:: WORK TO COMPLETE ::
Your task is to print, exactly and only, the lines from the start of the entries below through the line with "近日,疫苗行业头部企业智飞生". Include both ends, but skip the pictures.

:: EXERCISE DATA ::
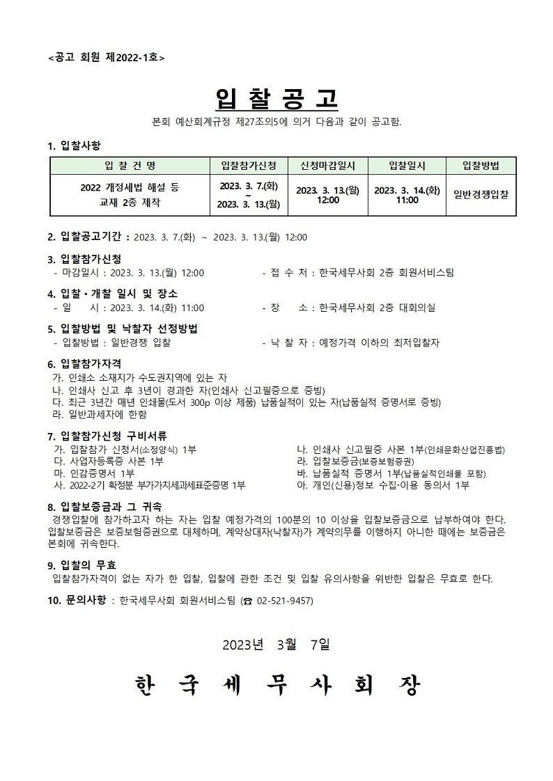 2022 °³Á¤¼¼¹ý ÇØ¼³ µî ±³Àç 2Á¾ Á¦ÀÛ ÀÔÂû°ø°í¹®(0).hwp
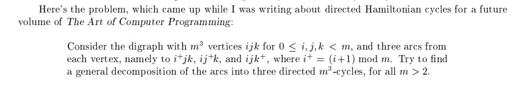 他在书里准备了一道关于有向哈密顿循环的题,和朋友们证明了这道题的特殊解,想把它推广到一般情况时,却解决不了了。
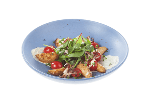 Теплый салат из кальмаров с сыром – это гастрономическое воплощение изысканности и утонченности. Его корни уходят в авторскую кухню, где сочетаются смелые вкусовые решения и гармония ингредиентов. Нежные кальмары и осьминоги, слегка обжаренные до золотистой корочки, создают идеальный дуэт с бархатистым сырным соусом, обогащенным лимонной свежестью. Запеченный молодой картофель придает блюду питательность и легкую хрусткость, а сочные помидоры черри добавляют яркие, освежающие ноты. Завершающий акцент – салатный микс, пропитанный каплей оливкового масла и посыпанный измельченным зеленым луком, создавая игру текстур и ароматов. Этот салат не только согревает, но и дарит настоящий праздник вкуса, идеально подходя к уютным семейным ужинам или изысканным гастрономическим экспериментам.
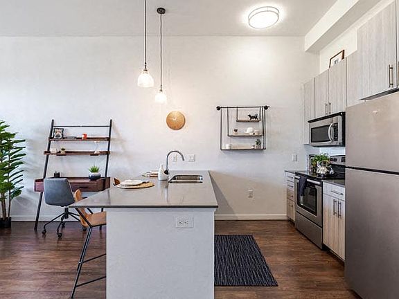 - Exterior features: , Barbecue, Building-wide Wireless, EV Charging Stations, Oversized windows for natural light, Package Receiving, Pet Park, Pet Washing Station, Quartz countertops, Stainless steel appliances, TV Lounge, Two unique color palettes, USB port outlets, Weekly Yoga Sessions, Wood-like flooring
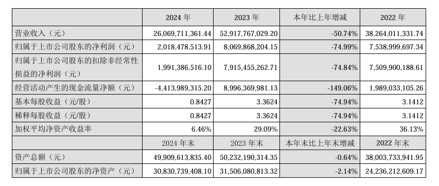 近日,疫苗行业头部企业智飞生物公布了最新财报,寒意明显:2024年,公司实现营业收入260.7亿元,同比下降50.74%;归母净利润20.18亿元,同比下降74.99%;归母扣非净利润19.91亿元,同比下降74.84%。
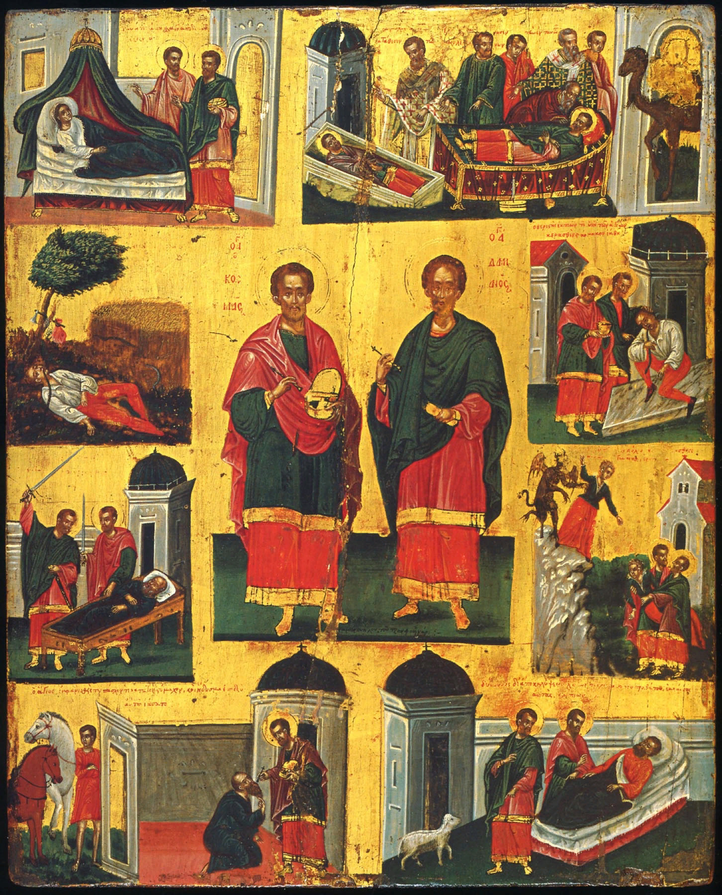 Память: 14 (1) ноября, Глас 6. Припев: Святи́и безсре́бреницы Космó и Дамиáне, моли́те Бо́га о на́с.
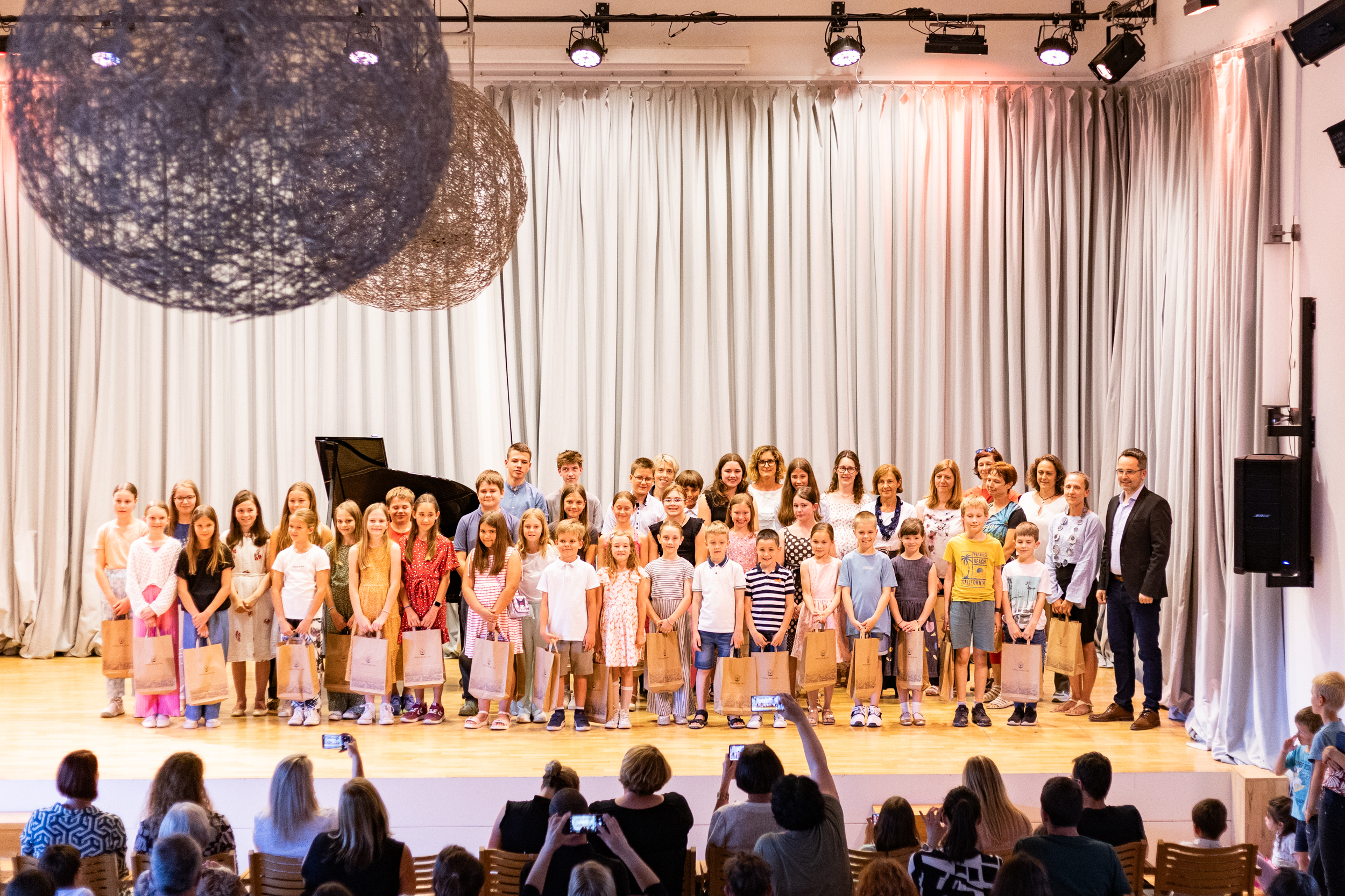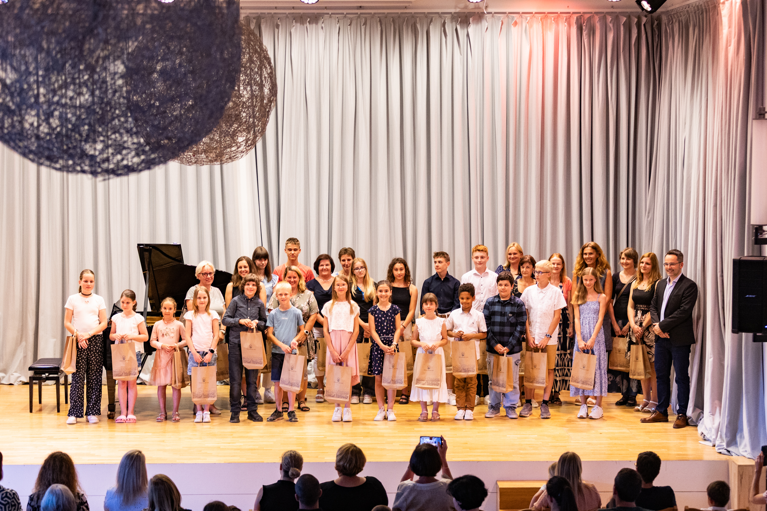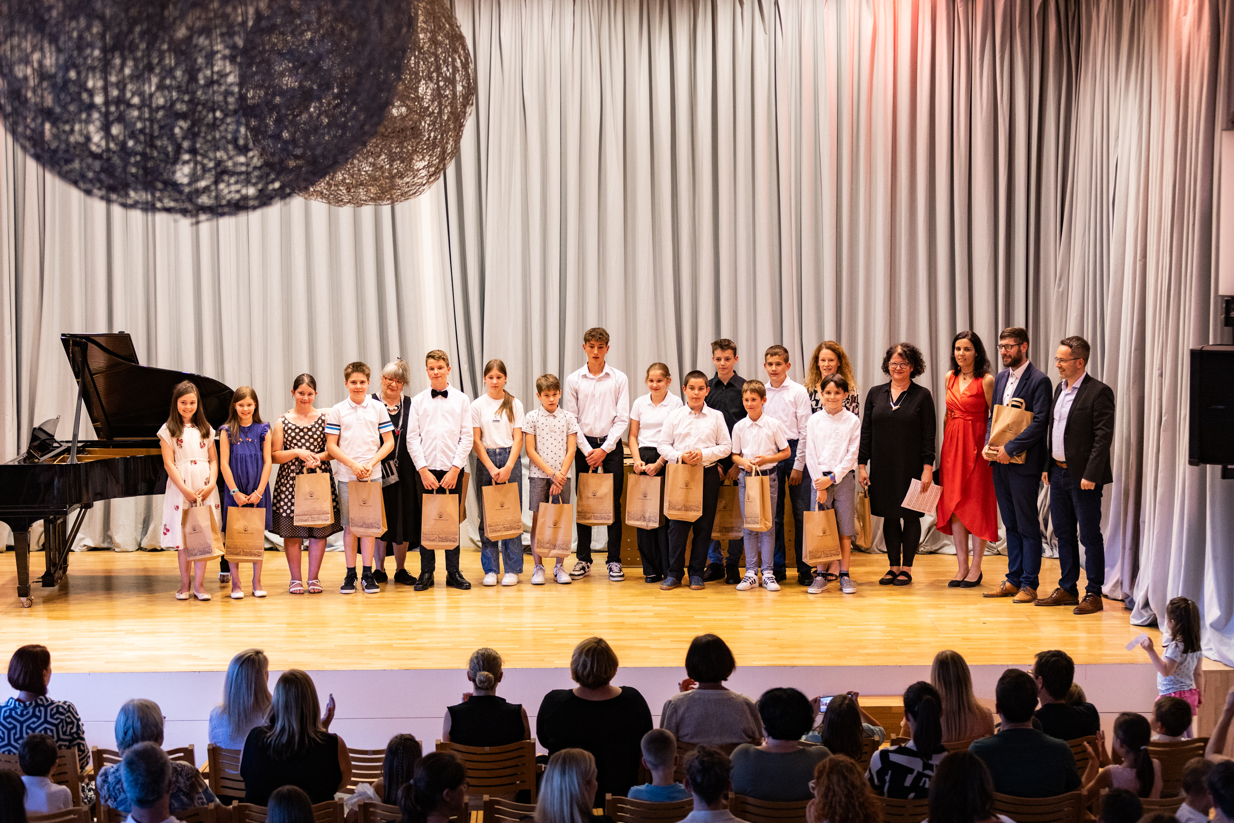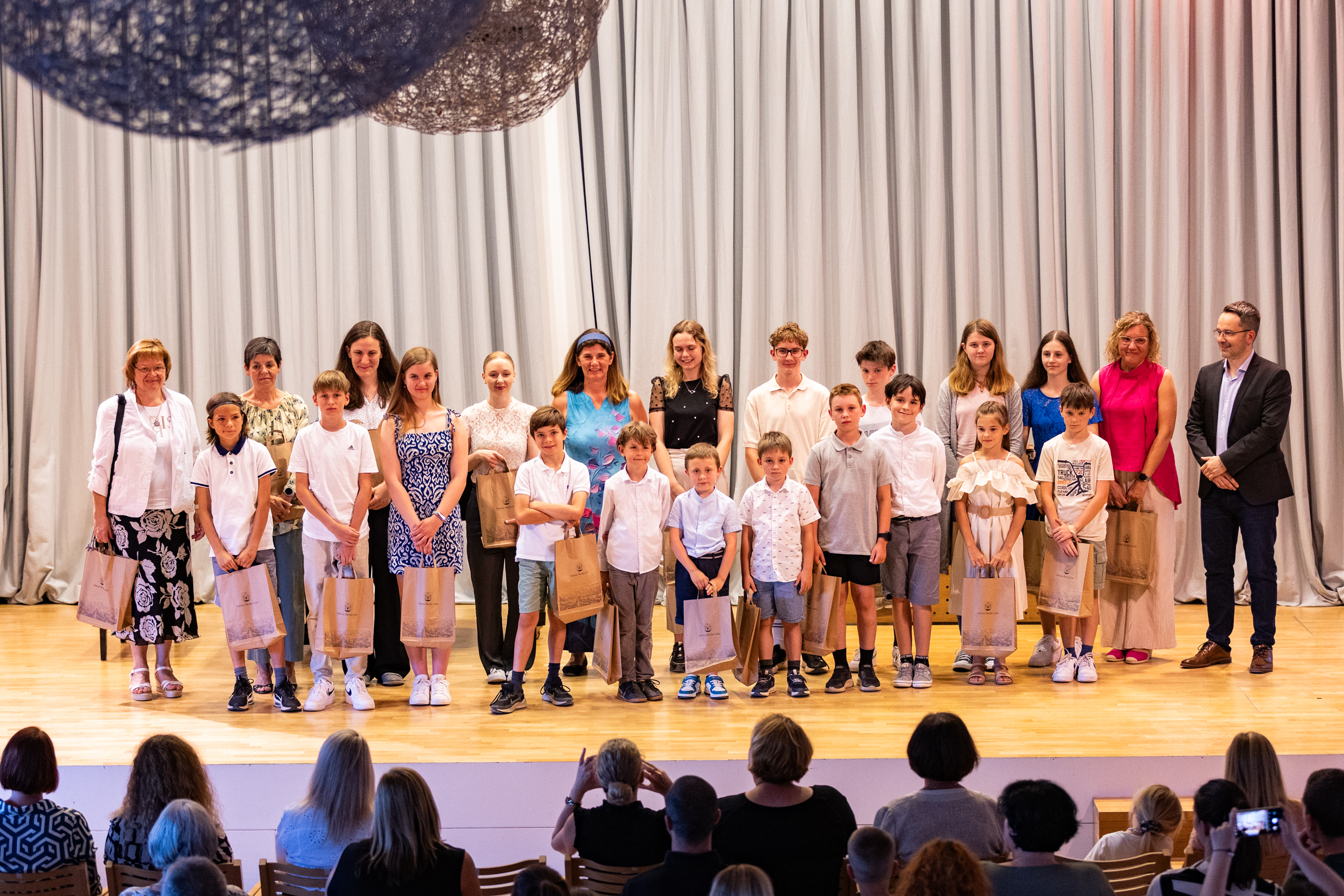 Glasbeno področje je prav tako zaznamovalo leto 2024/2025, saj so učenci Glasbene šole Škofja Loka prejeli priznanja na kar štirih pomembnih mednarodnih in državnih tekmovanjih. Njihove točke so bile tudi del kulturnega programa večera.
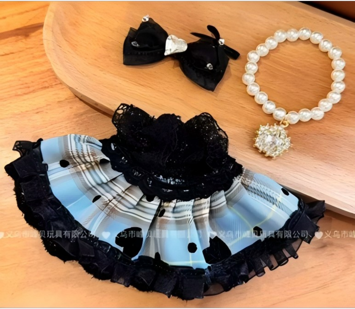 Blue And Black Plaid Princess Dress Set (Bow + Dress + Necklace)
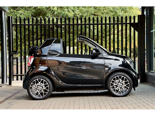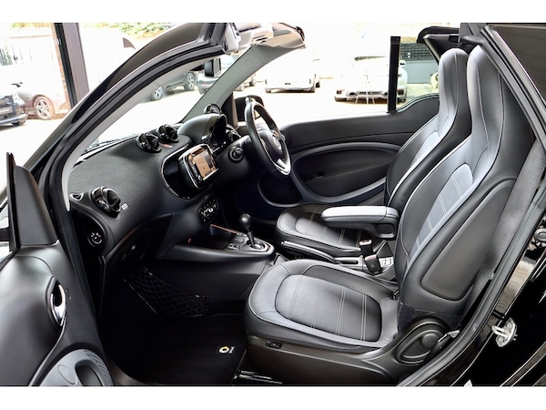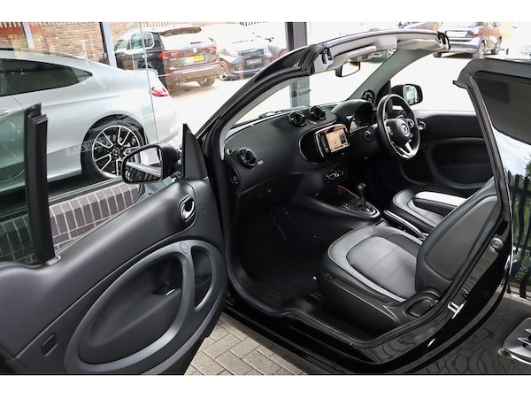 Saint Motors is delighted to offer this eye-catching 2020 Smart fortwo Prime Prime Exclusive Cabrio – a luxurious and sophisticated all-electric convertible. This model is a particularly special find, representing the final iteration of the fortwo line, featuring the desirable facelift which includes the modern, striking full-LED headlamps and updated styling cues that ensure it stands out from the crowd.Finished with sleek solid black body panels, this top-of-the-range Prime Exclusive model is loaded with premium features, including a soft top roof and distinctive 16"" 8-Y-spoke alloy wheels in diamond cut/black finish. The luxurious interior boasts heated black leather upholstery with grey stitching, a multifunction steering wheel and ambient lighting. Designed for all-season comfort, it also includes the sought-after Winter Package for pre-entry climate control and enhanced insulation.As a convertible, it offers a unique blend of open-top fun and silent, zero-emissions motoring, making it perfect for city driving or coastal cruising.Electric Motor – 82 BHP (60 kW)Single-Speed Automatic Gearbox0–62 mph in 11.9 secondsTop Speed: 81 mphReal-World Range: approx. 80 milesVehicle Summary: 2020 (20 Plate) LED headlights 26,050 miles Final Model Year / Last of the Line 1 Owner Full Electric HPI Clear Prime Exclusive Specification Winter Pack & Leather InteriorThis stunning fortwo Cabrio represents a rare opportunity to own the most exclusive, well-equipped version of this iconic city car. It combines eco-friendly motoring with open-air excitement and a surprising level of luxury, all in the definitive edition of the model.At Saint Motors, we specialise in sourcing high-quality performance and prestige vehicles.Part exchange welcome Contact us now on to arrange a viewing, a personalised video walkaround, or to secure this incredible electric convertible.. 12 Volt Socket with Cover, Access to Smart EQ Control - 3 Years From Activation - Individually Extendible Thereafter, Roof Antenna, Smart Media-System, TomTom Live Services - 3 Years From Activation, Two Lower Mid-Range Speakers in the Front Doors, Cruise Control with Limiter - Variable Speed Limitation, Exterior Temperature Indicator with Frost Warning, Instrument Display with Battery Charge Status and Power Display, Owners Manual and Service Booklet - English, Rear Parking Aid with Acoustic Warning and Reversing Camera, Tyre Pressure Monitoring System, 16in Alloy Wheels - 8-Y-Spoke Painted Black with High-Sheen Finish, Breakdown Kit with Air Compressor and Sealant, Door Mirror Caps in Tridion Colour, Door Mirror with Aspherically Curved Mirror Glass on Driver Side, Door Mirrors - Electrically Adjustable and Heated, Draught-Stop, Electric Tritop Fabric Soft Top in Black - Fully Automatic - Heated Glass Rear Window and Grey Headliners, Electric Windows with Convenience Feature and Obstruction Sensor, Radiator Grille in Body Colour, Summer Tyres, Tridion Safety Cell in Black Solid Paint, Front Fog Lamps with Cornering Function, Full-LED Headlamps with Main and Dipped Beam Plus Integral Indicators and Daytime Running Lights, Headlamp Range Adjustment - Manual, Third Brake Light Featuring LED Technology, Ambient Lighting, Automatic Climate Control, Automatically Dimming Rear View Mirror, Backrest Adjustment with One-Touch Function for Driver and Passenger, Boot Lighting, Centre Console with Roller Cover and Centre Armrest in the Front (folding), Charging Cable Bag, Comfort Windscreen Wipers with Intermittent Wiper Control and Automatic Wipe-Wash Function, Dashboard and Door Centre Panels in Black Fabric and Accent Trim Parts in Black, Drivers Seat - Height Adjustable, Floor Mats - Velour - Black, Front Passenger Seat with Through-Loading Function - Fully-Folding Backrest, Heated Seats for Driver and Front Passenger, Height Adjustable Steering Column, Instrument Cluster with 3.5-inch Colour TFT Display and Trip Computer, Interior Door Handle - Matt Chrome, Lockable Glove Compartment, Luggage Compartment Roller Cover with Mesh Bag, Multifunction Steering Wheel in Leather in a 3-Spoke Design Steering Wheel Bezel in Anthracite, Rain-Light Sensor, Reading Light for Driver and Passenger, Remote Soft Top Release with 3-Button Convenience Key, Retaining Strap for Securing Items on the Front Passenger Seat, Roof Lining - Black, Service Cover - Lockable, Shift Knob in Black Leather, Storage Compartment in Tailgate, Stowage Compartment in the Doors with Net, Stowage Net on Centre Console, Sun Visor for Driver with Parking Ticket Holder and Front Passenger, White Side Indicators, 22kW Onboard Charger, Charging Cable - Household Socket, Charging Cable - Wallbox-Public Charging Stations, Electric Power Steering, Mode 2 Charging Cable - Household Socket, Mode 3 Charging Cable - Wallbox-Public Charging Stations, ABS - Anti-Lock Braking System with Electronic Brake Force Distribution, Acoustic Presence Indicator, Active Brake
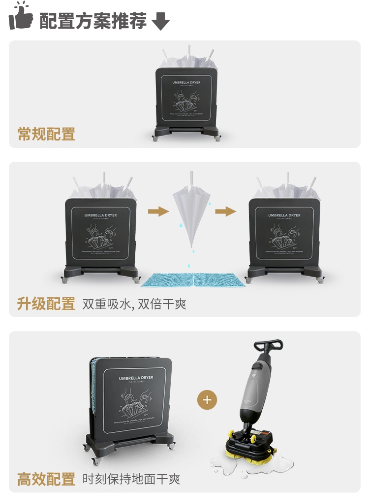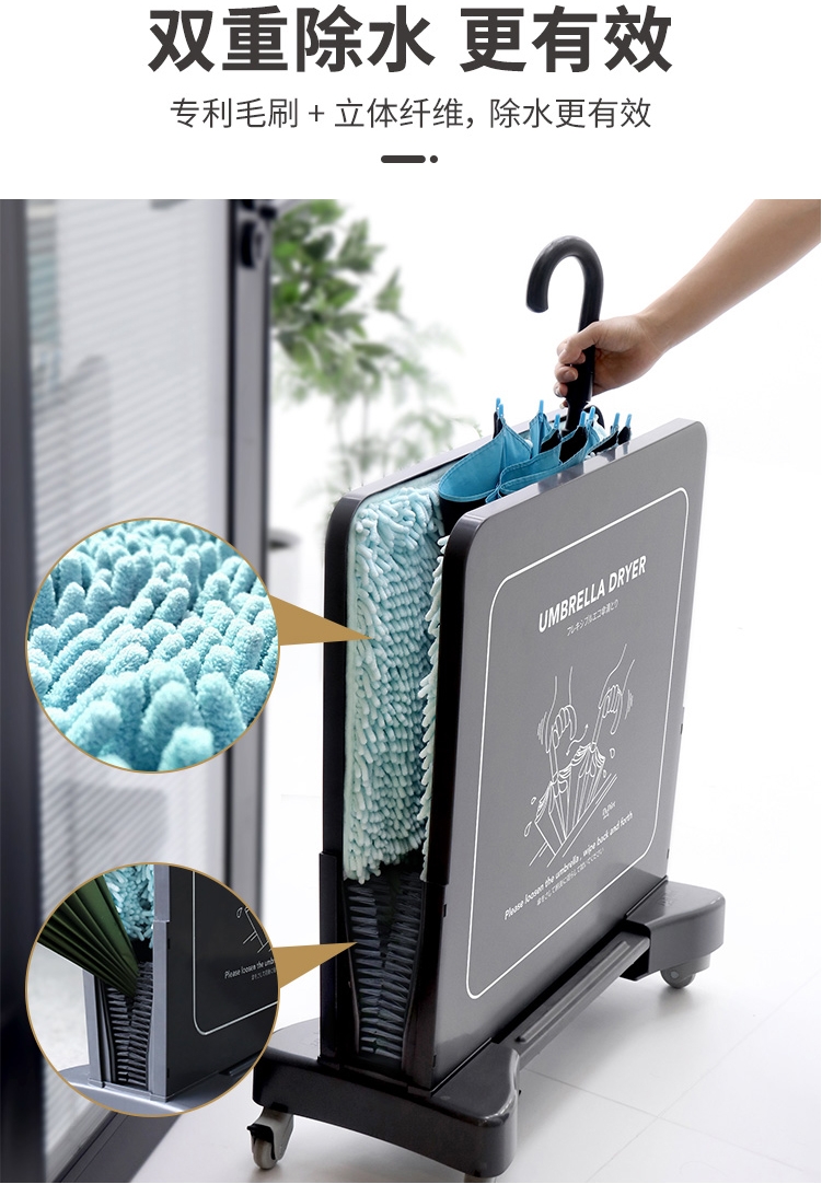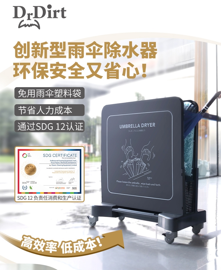 是时候试试 Dr.Dirt 全新推出的环保雨伞除水器了!把湿哒哒的雨伞放进去,再来回摇动雨伞,这样大部分水就被吸水布吸走,除水效率杠杠的,效果好。而且它成本低,非常适合商场、酒店、学校、等场所使用。
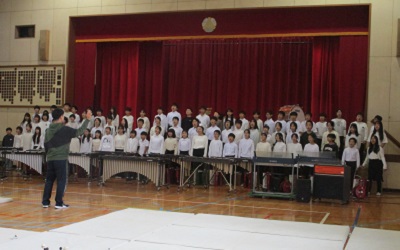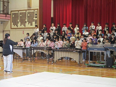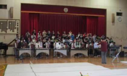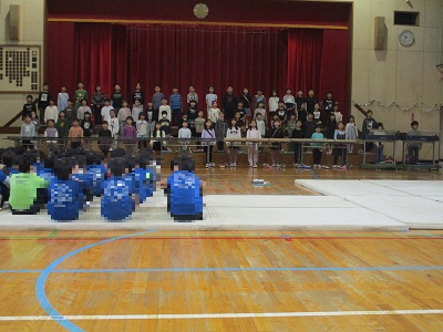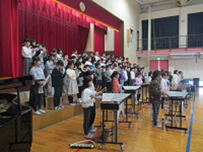 歌声を響かせることにこだわって、練習を積み重ねてきた4年生です。 (写真上)合唱より (写真下)合唱奏より

:: OUTPUT OF THE EXERCISE ::
 2022 °³Á¤¼¼¹ý ÇØ¼³ µî ±³Àç 2Á¾ Á¦ÀÛ ÀÔÂû°ø°í¹®(0).hwp
 他在书里准备了一道关于有向哈密顿循环的题,和朋友们证明了这道题的特殊解,想把它推广到一般情况时,却解决不了了。
 Теплый салат из кальмаров с сыром – это гастрономическое воплощение изысканности и утонченности. Его корни уходят в авторскую кухню, где сочетаются смелые вкусовые решения и гармония ингредиентов. Нежные кальмары и осьминоги, слегка обжаренные до золотистой корочки, создают идеальный дуэт с бархатистым сырным соусом, обогащенным лимонной свежестью. Запеченный молодой картофель придает блюду питательность и легкую хрусткость, а сочные помидоры черри добавляют яркие, освежающие ноты. Завершающий акцент – салатный микс, пропитанный каплей оливкового масла и посыпанный измельченным зеленым луком, создавая игру текстур и ароматов. Этот салат не только согревает, но и дарит настоящий праздник вкуса, идеально подходя к уютным семейным ужинам или изысканным гастрономическим экспериментам.
 - Exterior features: , Barbecue, Building-wide Wireless, EV Charging Stations, Oversized windows for natural light, Package Receiving, Pet Park, Pet Washing Station, Quartz countertops, Stainless steel appliances, TV Lounge, Two unique color palettes, USB port outlets, Weekly Yoga Sessions, Wood-like flooring
 近日,疫苗行业头部企业智飞生物公布了最新财报,寒意明显:2024年,公司实现营业收入260.7亿元,同比下降50.74%;归母净利润20.18亿元,同比下降74.99%;归母扣非净利润19.91亿元,同比下降74.84%。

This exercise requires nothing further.